Over the past few decades, despite many promising treatments, targeted therapies that can selectively kill cancer cells have not yet been realized. For successful therapeutic treatment, a deep understanding of the specific metabolic characteristics distinguishing cancerous from normal cells, which can be targeted by therapeutic compounds, is required. For example, during tumorigenesis, cancer cells exhibit altered metabolic processes to provide energy and macromolecule precursors to maintain their abnormal rapid proliferation. In fact, the reduction of mitochondrial respiration, one of the dysregulated properties in cancer cells, prevents a complete conversion of glucose into carbon dioxide and water, leading to accumulation of a variety of precursors used by major biosynthetic pathways. Furthermore, this dysregulation of mitochondrial metabolism can cause a increase in reactive oxygen species (ROS) to induce DNA damage, causing uncontrolled rapid growth of cancer cells. Thus, the comprehensive understanding of the altered metabolism that is a hallmark in cancer cells could be necessary for the development of new anticancer treatments that selectively target oncogenic pathways in tumorigenesis [1,2,3].

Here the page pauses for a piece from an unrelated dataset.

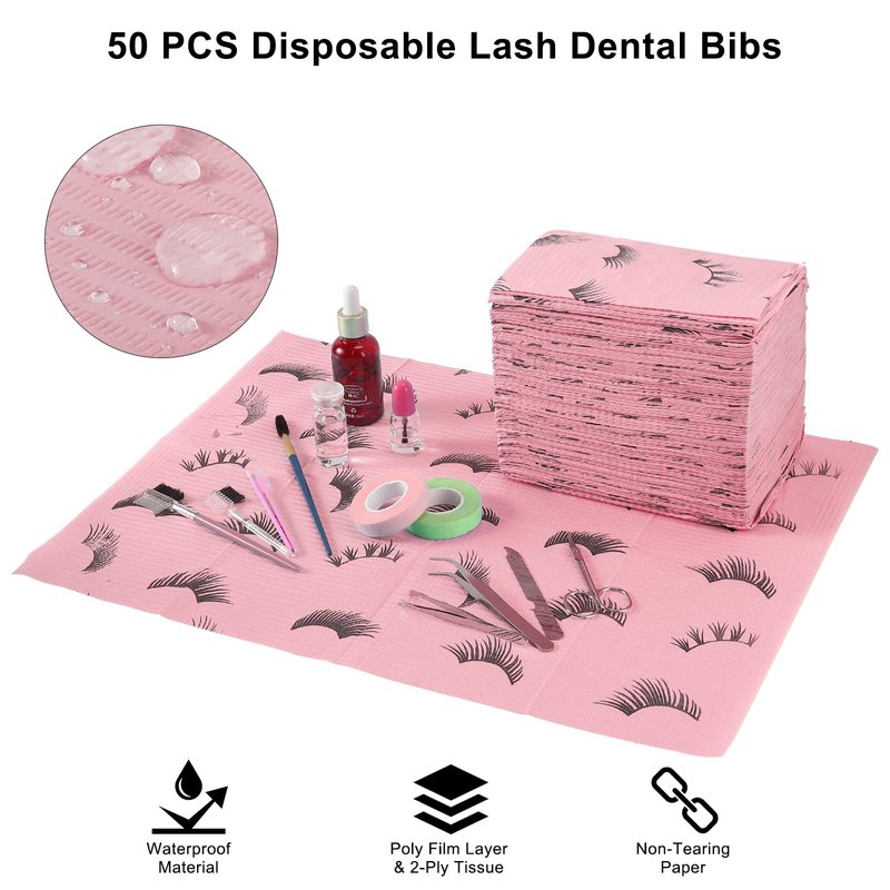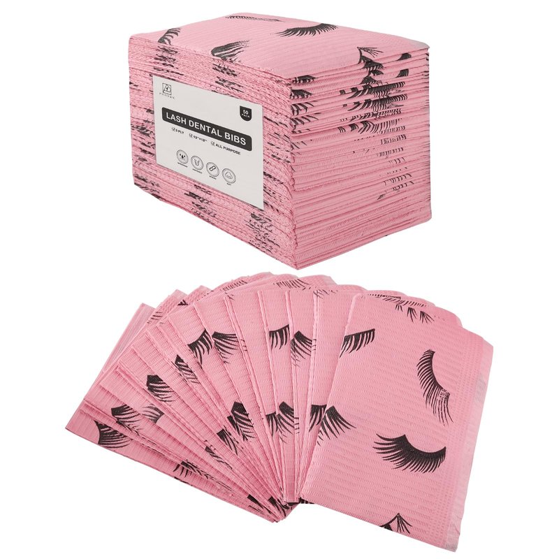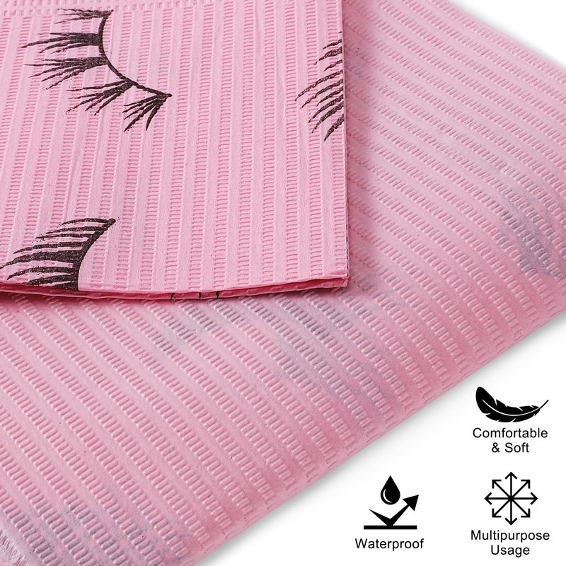 PRASNE Lashing Dental Bibs Disposable Pack of 50, Lash Pillow Cover of Lash Supplies, Pink 3-Ply Paper Poly Waterproof Towels, 13” x 18”, Black Eyelash Printed

In recent decades, many innovative anticancer drugs have been developed in the fight against cancer through the analytical validation of a variety of natural bioactive compounds [4, 5]. Furthermore, in drug development, these compounds have renewed interest in alternative sources of effective therapeutics due to the limitations of delivery of many bioactive compounds. These natural compounds may be used as templates for the development of new drugs by the pharmaceutical industry. According to the 2015 annual report of the American Association for Cancer Research (AACR), more than 800 medicines and vaccines had been developed for cancer therapeutic treatments that were in active clinical trials. Interestingly, of these drugs, approximately 40% have their origins in natural products derived from plants, animals and microorganisms, or their semisynthetic derivatives. In recent studies, their pharmaceutical importance as sources of new therapeutic agents against human diseases including cancer, hypertension, infective, immunosuppression, and neurological disease therapeutic areas has been emphasized [6,7,8,9,10].

Microalgae, single-celled photosynthetic eukaryotes, are widely distributed in the world. Their evolutionary adaptation to a wide range of habitats and extreme environments has allowed microalgae to have an abundance of biological and genetic diversity, potentially producing a variety of bioactive compounds. In fact, it has been recently reported that several algae-derived bioactive metabolites exhibit health-promoting activities, and their pharmacological values attract attention in the development of new drugs [11,12,13]. In particular, some compounds exhibit pharmacological activity by regulating multiple biological processes, such as cell proliferation, metastasis and apoptosis in cancer cells [14, 15]. For examples, fucoxanthin derived from marine organisms such as microalgae, macroalgae and seaweeds, potentially functions as anticancer agent by modulating apoptotic signaling and inducing cell cycle arrest [16, 17].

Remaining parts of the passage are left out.